Действительно, мне дали в дорогу — позаботился об этом бородатый «Джеймс-Майкл» — антисоветские сочинения американца Хедрика Смита, бывшего корреспондента «Нью-Йорк тайме» в Москве, и англичанина Майкла Биниона, его коллеги из «Таймс». Сказать, что я их прочел, было явным преувеличением — в лучшем случае пролистал. Да и как читать всерьез о студенческих волнениях в институте рыболовства в… Шатуре или о «носовых платках из Оренбурга», являющихся якобы предметом ожесточенной спекуляции?

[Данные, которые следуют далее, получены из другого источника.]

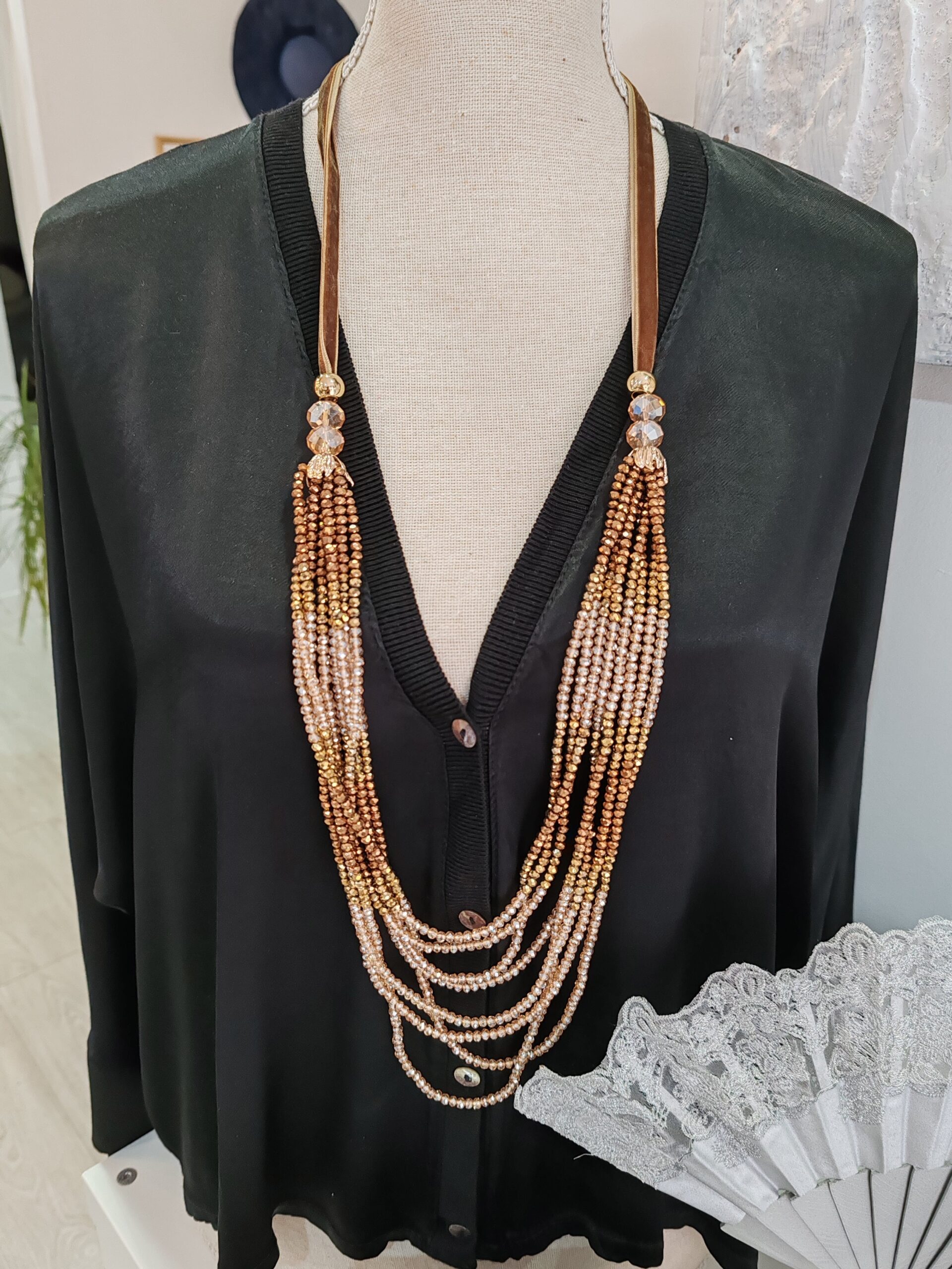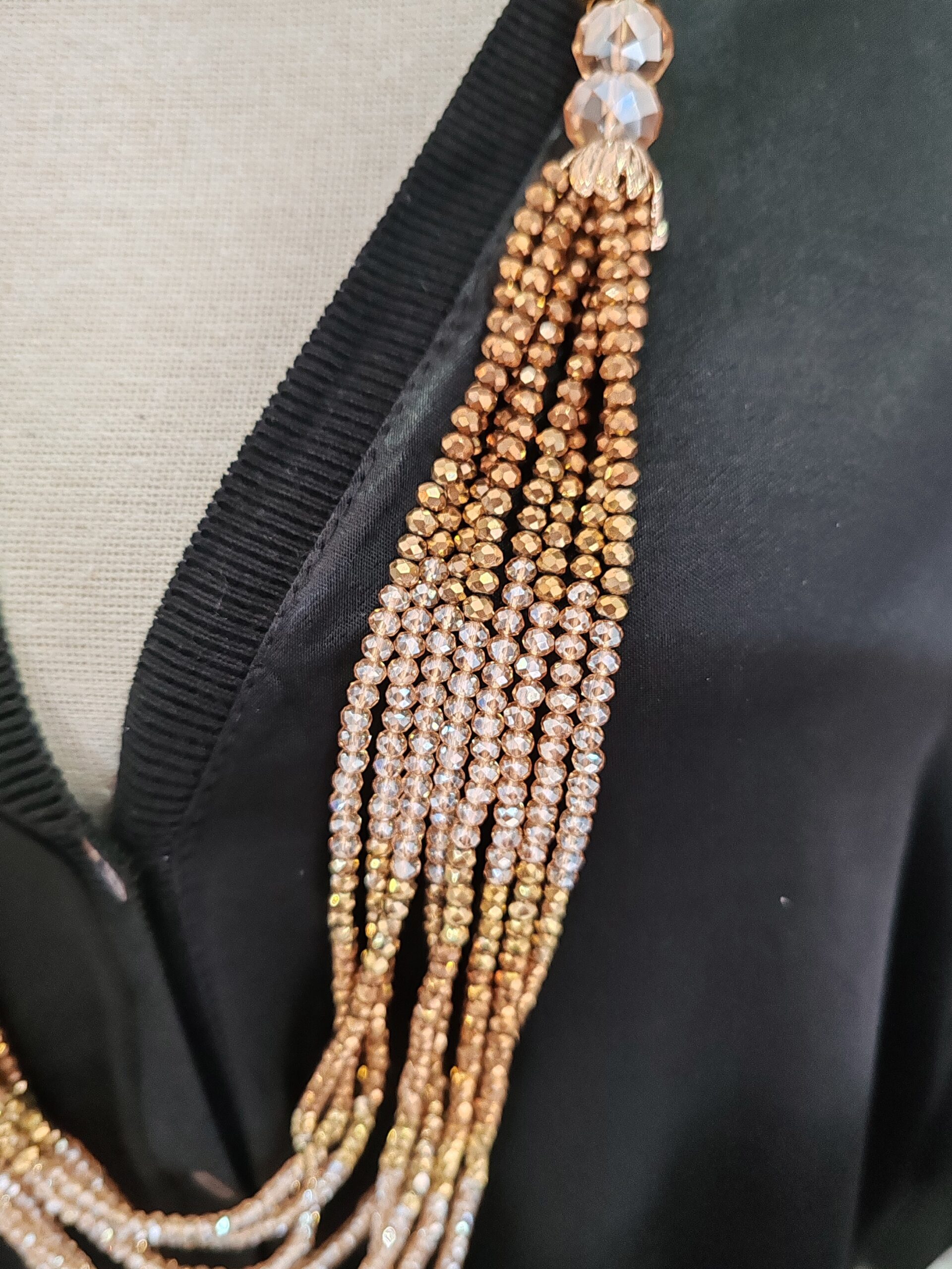 Collar de perlas en cristal en diferentes tonos dorados y camel

Ну ладно, лингвистически ошибка насчет носовых платков еще объяснима. Услышал Хедрик Смит про оренбургские платки, полез в словарь, а словарь попался неважный. Но он же работал в Москве не неделю и не месяц, а несколько лет, и любой русский собеседник ему охотно все растолковал бы! В том-то и горе, что не искал мистер Смит толковых собеседников, не стремился разобраться в непонятном, что дурацкая словарная ошибка его вполне устроила: спекуляция носовыми платками— где ж и ожидать такой дикой дикости, как не в «дикой России»? Читатели ужаснутся, а издатели еще и похвалят за «свежую деталь»…
О чем же писать для вас, господа, если эти недобросовестные сочинения вы выставляете за образец? Того, о чем вам мечтается, вы от меня не дождетесь, но что взамен? Что-то писать придется: из-под ключа, из-под рыбьего взгляда Уэстолла иначе не выберешься. Как-то надо вас одурачить — как?
Напишу-ка я вам пейзаж. Привольный русский пейзаж с особой его тишиной, ласковыми лесными опушками и васильками во ржи. Или тайгу? Или «Кавказ подо мною»? Альпийский луг у кромки вечных снегов, а рядом древняя сванская башня из плоских камней, кладкой и возрастом сравнимая с башнями шотландскими или английскими… Или вспомнить про то, как в дни студенческой практики, белой ночью, вдвоем со случайным попутчиком вздумал переплыть Северную Двину на самодельном плоту? Скатили в воду три бревна, связали их кое-как проволокой, и все бы ничего, да проскочил мимо катер, поднял волну и бедовая наша конструкция рассыпалась. А ведь я тогда и плавать толком не умел…
Не напечатаете? Черт с вами, а время выиграю. Впрочем, если уж искать подмоги в жизненном опыте, вспоминается иной эпизод. Когда я наконец научился плавать, то однажды в Новом Афоне заплыл не по силам и попал в мертвую зыбь. Сбился с дыхания, тело налилось свинцом, и, как ни крути головой, зыбь в лицо. И кричать бесполезно — на берегу пусто, никто не услышит. Тоже думал — не выберусь. Но сказал себе: должен! Если помочь некому, значит, должен помочь себе сам. И ведь взял себя в руки, одолел слабость и страх и дотянул до берега. Правда, то море даже в самую крутую волну, даже в шторм было бы безопаснее…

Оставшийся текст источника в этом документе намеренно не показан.